Here is a description of the table fields :

“Tag” : Allows to get a better idea if the given instruction (PC) is the one owning the table entry by comparing more PC’s MSB bits. An entry is “owned” by an instruction if its tag match the given instruction PC’s msb bits.

“Address” : Previous virtual address generated by the instruction

“stride” : Number of bytes expected between memory accesses

“Score” : Allows to know if the given entry is useful or not. Each time the instruction is keeping the same stride, the score increase, else it decrease. If another instruction (with another tag) want to use an entry, the score field has to be low enough.

“Advance” : Allows to keep track how far the prefetching for the given instruction already went. This field is cleared when a entry switch to a new instruction

“Missed” : This field was added in order to reduce the spam of redundant prefetch request which were happening for load/store intensive code. For instance, for a deeply unrolled memory clear loop will generate (x16), as each store instruction PC will be tracked individually, and as each execution of a given instruction will stride over a full cache line, this will generate one hardware prefetch request on each store instruction every time, spamming the LSU pipeline with redundant requests and reducing overall performances.

This “missed” field works as following :

• It is cleared when a stride disruption happens (ex new memcopy execution)

• It is set on cache miss (set win over clear)

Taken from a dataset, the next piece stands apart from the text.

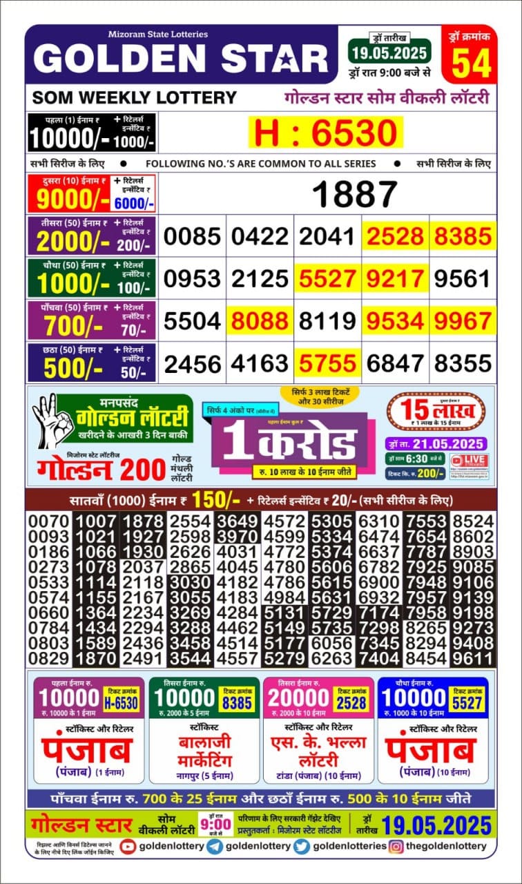 Golden Star weekly Lottery result 9pm 19.5.2025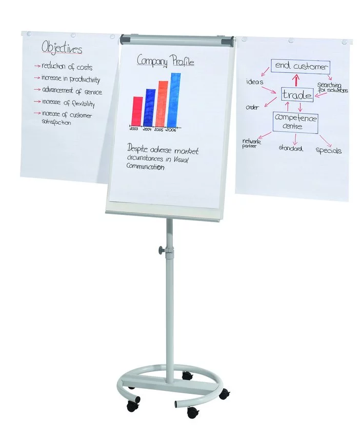- Flipchart mobilny Franken 68x110 cm z tablicą suchościeralno-magnetyczną i wyciąganymi ramionami, stworzony do intensywnej pracy biurowej i profesjonalnych prezentacji.

• An instruction will only trigger a prefetch if it miss or if its “missed” field is already set.

For example, in a hardware simulation test (RV64, 20 cycles memory latency, 16xload loop), this addition increased the memory read memory bandwidth from 3.6 bytes/cycle to 6.8 bytes per cycle.

Note that if you want to take full advantage of this prefetcher, you need to have enough hardware refill/writeback slots in the LsuL1Plugin.

Also, prefetch which fail (ex : because of hazards in L1) aren’t replayed.

The prefetcher can be turned off by setting the CSR 0x7FF bit 1.